> [What to work on] From the line with "Putkivalaisin (Ø 60" to the line with "水中をよく探し、プールの中に沈んでいる小物を、潜って拾いました。", retype each line exactly as it stands in the records below, but skip the pictures.

Records from a data source:
>>

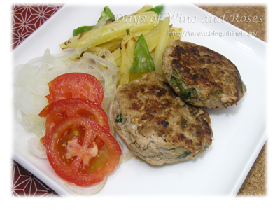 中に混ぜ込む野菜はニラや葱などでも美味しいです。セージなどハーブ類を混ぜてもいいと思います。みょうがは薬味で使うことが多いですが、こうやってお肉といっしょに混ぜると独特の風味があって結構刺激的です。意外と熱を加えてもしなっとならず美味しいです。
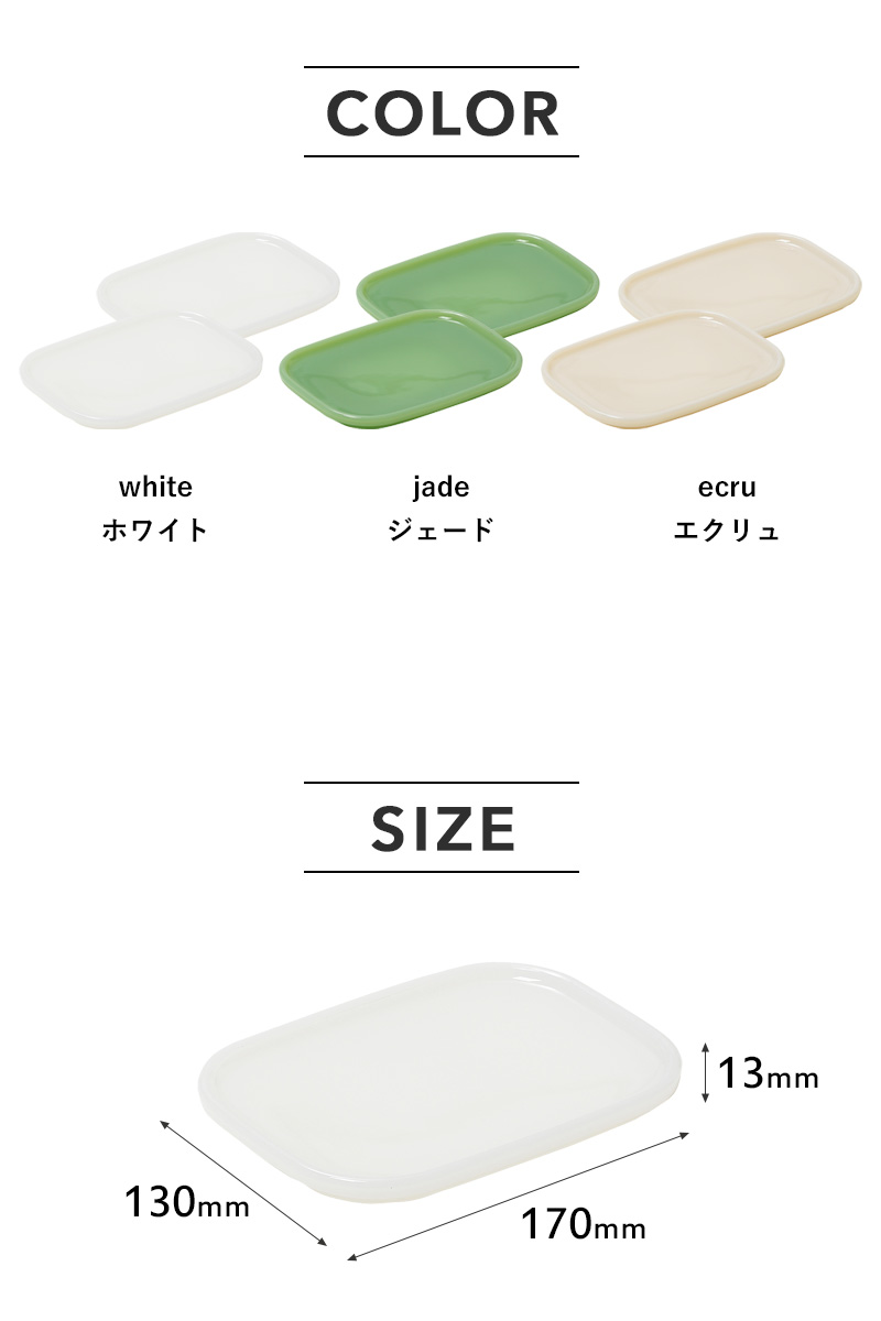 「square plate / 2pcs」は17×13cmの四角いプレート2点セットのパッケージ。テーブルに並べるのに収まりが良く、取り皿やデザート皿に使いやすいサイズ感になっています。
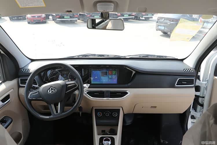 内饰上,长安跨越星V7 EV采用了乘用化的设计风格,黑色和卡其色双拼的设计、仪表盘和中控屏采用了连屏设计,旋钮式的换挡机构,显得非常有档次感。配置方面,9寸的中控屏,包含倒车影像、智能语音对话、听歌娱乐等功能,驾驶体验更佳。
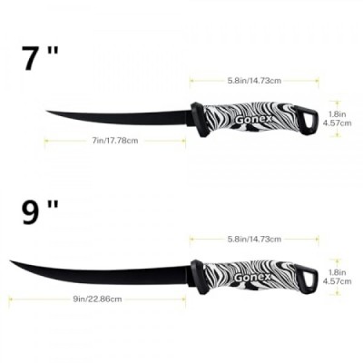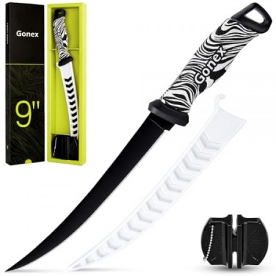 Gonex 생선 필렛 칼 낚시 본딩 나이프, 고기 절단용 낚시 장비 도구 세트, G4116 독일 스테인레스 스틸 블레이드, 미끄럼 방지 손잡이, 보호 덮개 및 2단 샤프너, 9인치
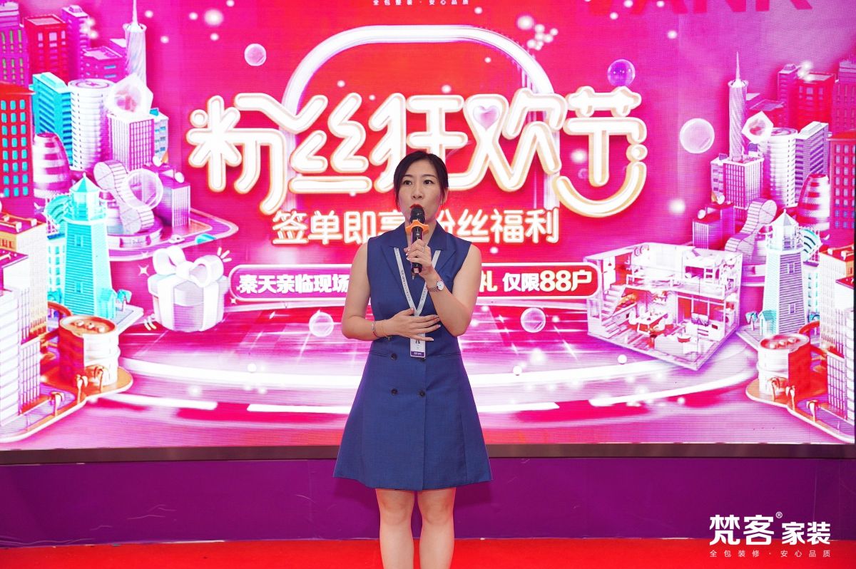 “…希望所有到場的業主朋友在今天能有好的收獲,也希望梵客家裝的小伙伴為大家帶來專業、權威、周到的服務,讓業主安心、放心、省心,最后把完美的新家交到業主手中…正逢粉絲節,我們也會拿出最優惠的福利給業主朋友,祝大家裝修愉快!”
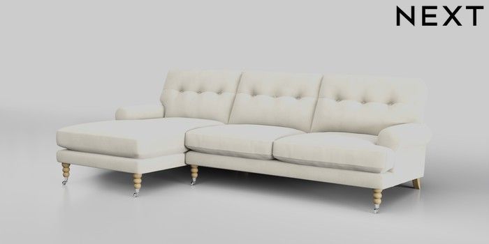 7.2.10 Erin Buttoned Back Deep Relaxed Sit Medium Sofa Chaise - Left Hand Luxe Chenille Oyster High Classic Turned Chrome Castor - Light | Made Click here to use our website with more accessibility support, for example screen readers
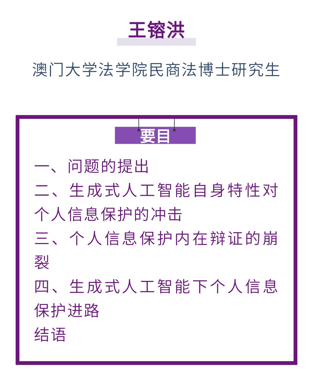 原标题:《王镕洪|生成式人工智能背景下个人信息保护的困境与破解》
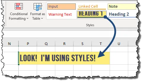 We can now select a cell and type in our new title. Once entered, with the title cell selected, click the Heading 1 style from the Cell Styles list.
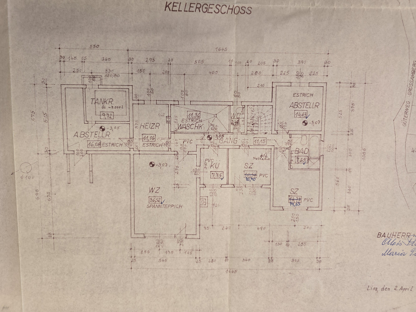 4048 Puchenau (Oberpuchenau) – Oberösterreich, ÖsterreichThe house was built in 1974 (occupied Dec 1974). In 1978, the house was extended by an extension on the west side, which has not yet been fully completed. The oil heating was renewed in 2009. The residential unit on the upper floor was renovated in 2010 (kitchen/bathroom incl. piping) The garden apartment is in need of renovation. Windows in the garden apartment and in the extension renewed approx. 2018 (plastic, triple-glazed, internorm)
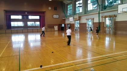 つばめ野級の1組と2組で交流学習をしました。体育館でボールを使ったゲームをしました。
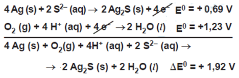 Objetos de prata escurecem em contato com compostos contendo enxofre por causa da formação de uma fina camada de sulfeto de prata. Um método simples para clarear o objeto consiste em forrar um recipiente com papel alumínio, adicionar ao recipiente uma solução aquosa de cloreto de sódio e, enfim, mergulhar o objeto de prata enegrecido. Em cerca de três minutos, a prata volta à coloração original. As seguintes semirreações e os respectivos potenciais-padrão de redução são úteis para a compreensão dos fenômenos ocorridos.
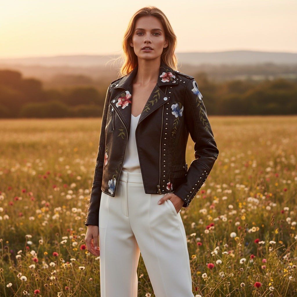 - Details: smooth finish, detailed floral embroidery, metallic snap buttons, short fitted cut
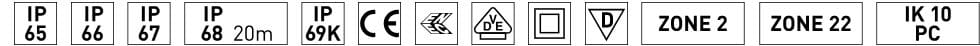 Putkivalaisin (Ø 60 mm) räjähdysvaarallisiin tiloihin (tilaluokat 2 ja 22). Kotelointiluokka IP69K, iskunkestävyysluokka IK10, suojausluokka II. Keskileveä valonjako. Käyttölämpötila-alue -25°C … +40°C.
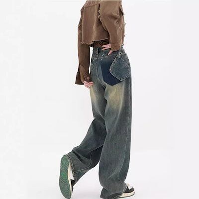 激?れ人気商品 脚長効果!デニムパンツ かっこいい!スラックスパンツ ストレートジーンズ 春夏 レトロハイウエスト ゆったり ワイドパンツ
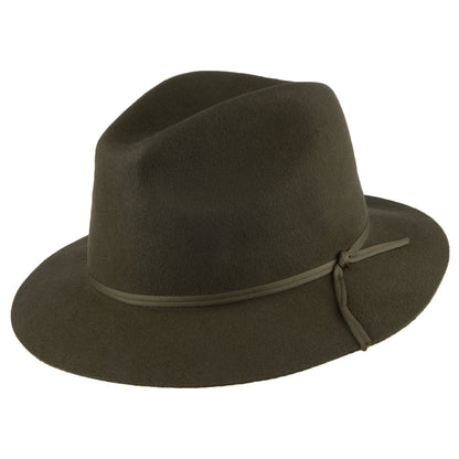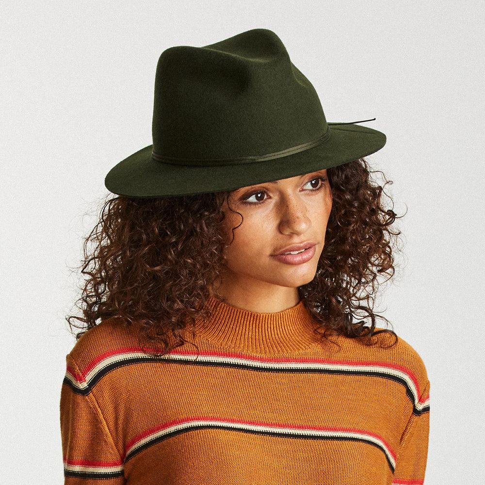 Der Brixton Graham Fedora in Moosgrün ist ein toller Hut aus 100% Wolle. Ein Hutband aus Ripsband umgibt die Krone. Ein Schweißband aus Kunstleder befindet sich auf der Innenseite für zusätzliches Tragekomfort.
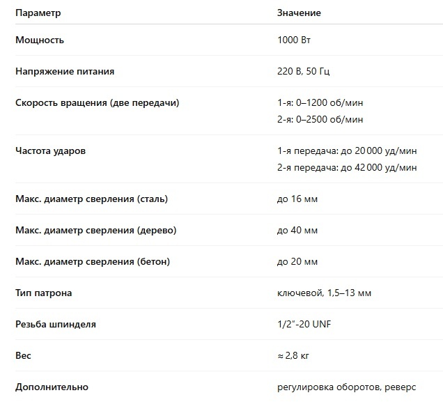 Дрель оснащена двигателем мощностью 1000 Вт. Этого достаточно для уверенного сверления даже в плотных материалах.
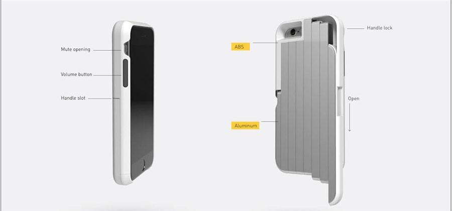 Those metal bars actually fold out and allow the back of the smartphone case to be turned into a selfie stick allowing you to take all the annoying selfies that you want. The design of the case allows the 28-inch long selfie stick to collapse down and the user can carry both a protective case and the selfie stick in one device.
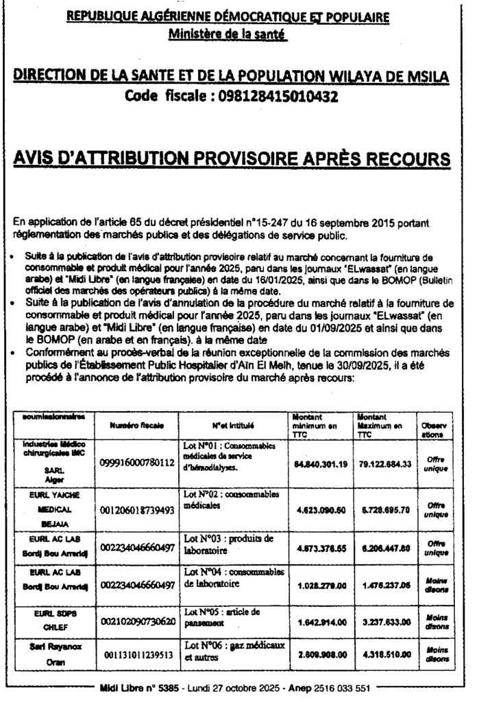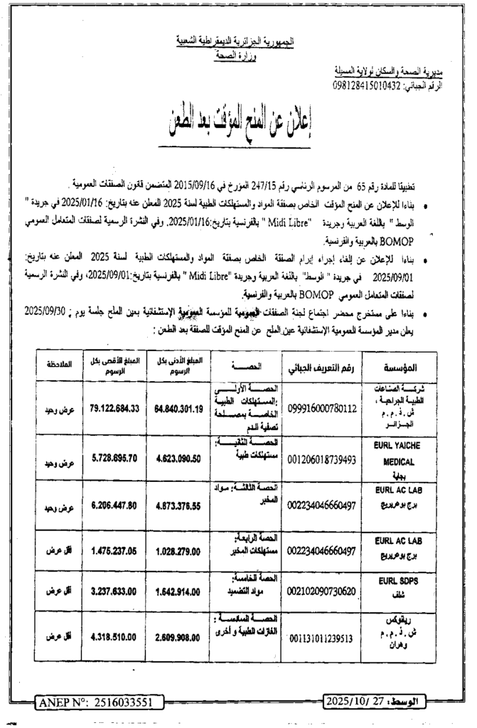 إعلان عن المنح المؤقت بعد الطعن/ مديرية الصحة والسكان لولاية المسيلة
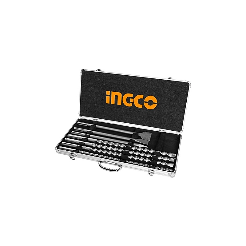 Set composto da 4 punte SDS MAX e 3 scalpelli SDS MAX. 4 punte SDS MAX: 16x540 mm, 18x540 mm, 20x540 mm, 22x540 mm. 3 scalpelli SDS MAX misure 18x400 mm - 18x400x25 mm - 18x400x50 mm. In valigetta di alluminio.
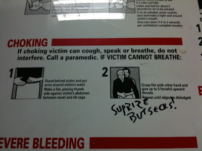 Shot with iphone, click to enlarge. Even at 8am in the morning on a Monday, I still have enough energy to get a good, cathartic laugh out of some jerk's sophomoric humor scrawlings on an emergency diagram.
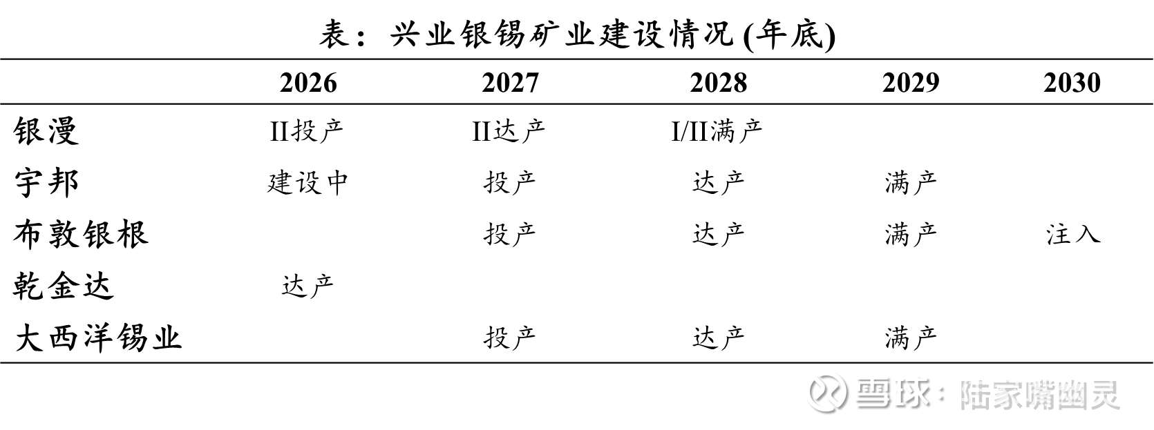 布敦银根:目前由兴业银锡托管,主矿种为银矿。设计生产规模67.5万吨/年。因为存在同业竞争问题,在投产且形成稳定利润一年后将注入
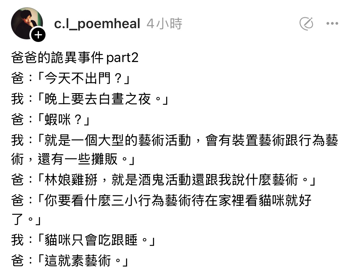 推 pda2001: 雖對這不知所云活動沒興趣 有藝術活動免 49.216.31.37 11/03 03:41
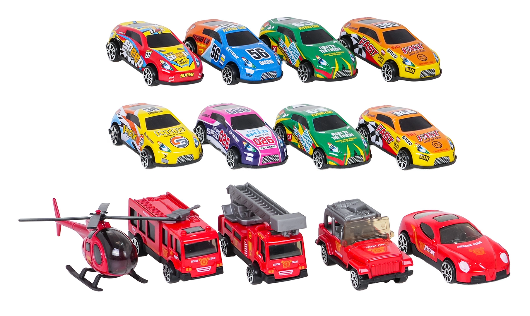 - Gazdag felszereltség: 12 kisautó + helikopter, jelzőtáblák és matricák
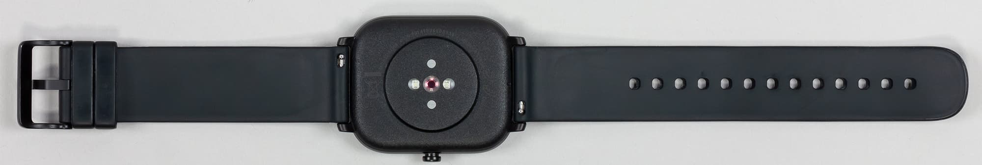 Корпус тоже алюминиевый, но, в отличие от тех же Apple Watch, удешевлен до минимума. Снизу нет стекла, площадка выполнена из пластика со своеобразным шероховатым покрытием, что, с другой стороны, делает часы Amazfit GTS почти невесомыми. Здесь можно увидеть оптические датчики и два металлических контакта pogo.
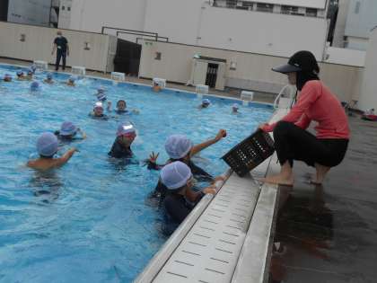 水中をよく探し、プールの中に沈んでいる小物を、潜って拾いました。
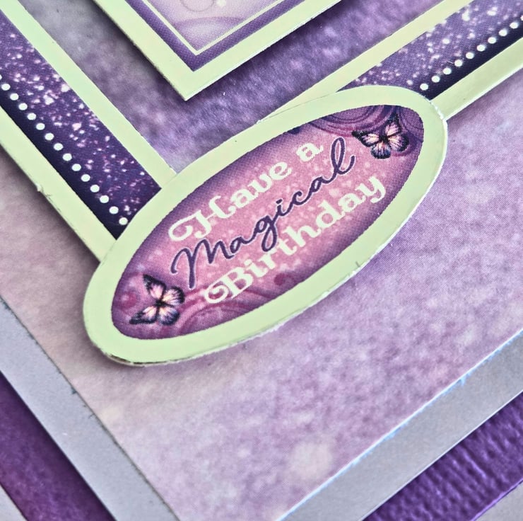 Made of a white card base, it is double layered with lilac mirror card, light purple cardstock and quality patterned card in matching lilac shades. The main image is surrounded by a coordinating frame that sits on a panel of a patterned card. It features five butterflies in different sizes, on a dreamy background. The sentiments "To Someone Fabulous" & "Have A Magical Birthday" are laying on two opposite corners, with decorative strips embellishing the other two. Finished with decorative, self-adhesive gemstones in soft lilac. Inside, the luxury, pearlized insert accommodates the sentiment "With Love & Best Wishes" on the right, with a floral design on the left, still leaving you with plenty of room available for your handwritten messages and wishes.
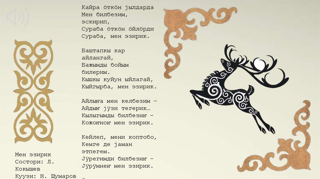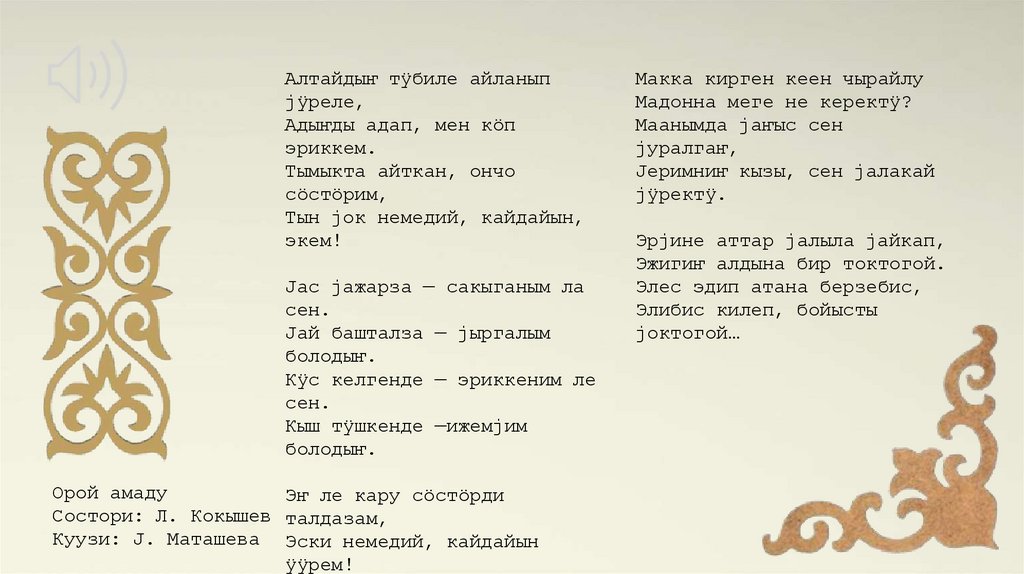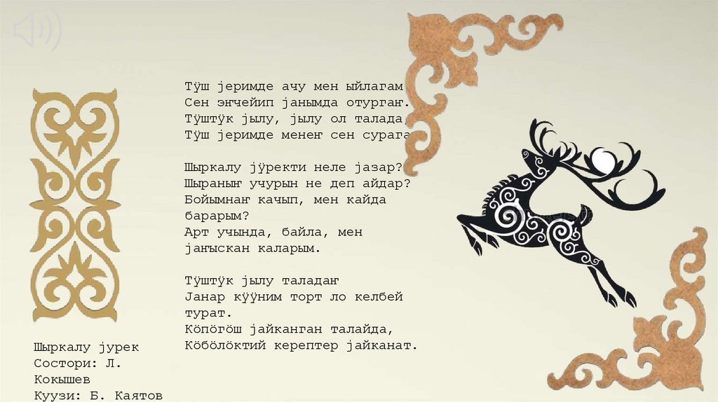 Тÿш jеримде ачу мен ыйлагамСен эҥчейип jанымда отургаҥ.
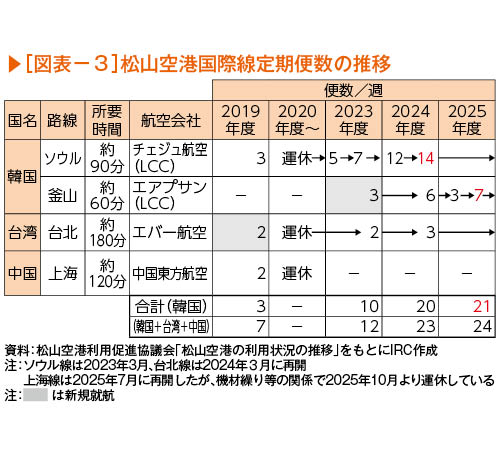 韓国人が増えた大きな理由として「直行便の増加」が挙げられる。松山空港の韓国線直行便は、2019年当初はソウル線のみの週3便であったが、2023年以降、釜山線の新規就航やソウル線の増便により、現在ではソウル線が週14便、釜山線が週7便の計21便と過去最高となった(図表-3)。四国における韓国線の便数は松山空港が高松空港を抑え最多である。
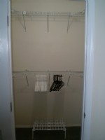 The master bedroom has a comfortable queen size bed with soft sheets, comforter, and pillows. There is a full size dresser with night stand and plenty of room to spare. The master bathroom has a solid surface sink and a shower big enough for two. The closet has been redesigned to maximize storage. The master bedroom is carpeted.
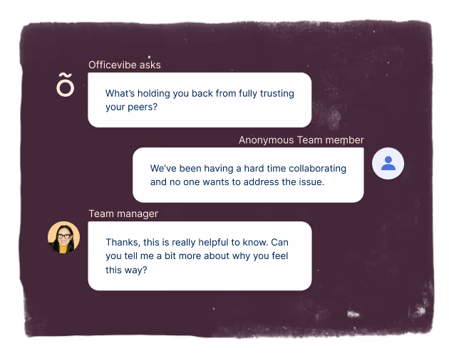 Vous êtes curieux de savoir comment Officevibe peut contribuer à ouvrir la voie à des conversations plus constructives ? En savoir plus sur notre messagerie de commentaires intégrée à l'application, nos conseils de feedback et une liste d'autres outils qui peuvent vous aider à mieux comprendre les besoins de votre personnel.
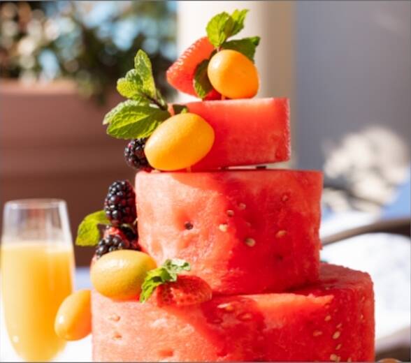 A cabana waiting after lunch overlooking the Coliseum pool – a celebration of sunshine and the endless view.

<<

> [Response to the exercise]
 Putkivalaisin (Ø 60 mm) räjähdysvaarallisiin tiloihin (tilaluokat 2 ja 22). Kotelointiluokka IP69K, iskunkestävyysluokka IK10, suojausluokka II. Keskileveä valonjako. Käyttölämpötila-alue -25°C … +40°C.
 激?れ人気商品 脚長効果!デニムパンツ かっこいい!スラックスパンツ ストレートジーンズ 春夏 レトロハイウエスト ゆったり ワイドパンツ
 Der Brixton Graham Fedora in Moosgrün ist ein toller Hut aus 100% Wolle. Ein Hutband aus Ripsband umgibt die Krone. Ein Schweißband aus Kunstleder befindet sich auf der Innenseite für zusätzliches Tragekomfort.
 Дрель оснащена двигателем мощностью 1000 Вт. Этого достаточно для уверенного сверления даже в плотных материалах.
 Those metal bars actually fold out and allow the back of the smartphone case to be turned into a selfie stick allowing you to take all the annoying selfies that you want. The design of the case allows the 28-inch long selfie stick to collapse down and the user can carry both a protective case and the selfie stick in one device.
 إعلان عن المنح المؤقت بعد الطعن/ مديرية الصحة والسكان لولاية المسيلة
 Set composto da 4 punte SDS MAX e 3 scalpelli SDS MAX. 4 punte SDS MAX: 16x540 mm, 18x540 mm, 20x540 mm, 22x540 mm. 3 scalpelli SDS MAX misure 18x400 mm - 18x400x25 mm - 18x400x50 mm. In valigetta di alluminio.
 Shot with iphone, click to enlarge. Even at 8am in the morning on a Monday, I still have enough energy to get a good, cathartic laugh out of some jerk's sophomoric humor scrawlings on an emergency diagram.
 布敦银根:目前由兴业银锡托管,主矿种为银矿。设计生产规模67.5万吨/年。因为存在同业竞争问题,在投产且形成稳定利润一年后将注入
 推 pda2001: 雖對這不知所云活動沒興趣 有藝術活動免 49.216.31.37 11/03 03:41
 - Gazdag felszereltség: 12 kisautó + helikopter, jelzőtáblák és matricák
 Корпус тоже алюминиевый, но, в отличие от тех же Apple Watch, удешевлен до минимума. Снизу нет стекла, площадка выполнена из пластика со своеобразным шероховатым покрытием, что, с другой стороны, делает часы Amazfit GTS почти невесомыми. Здесь можно увидеть оптические датчики и два металлических контакта pogo.
 水中をよく探し、プールの中に沈んでいる小物を、潜って拾いました。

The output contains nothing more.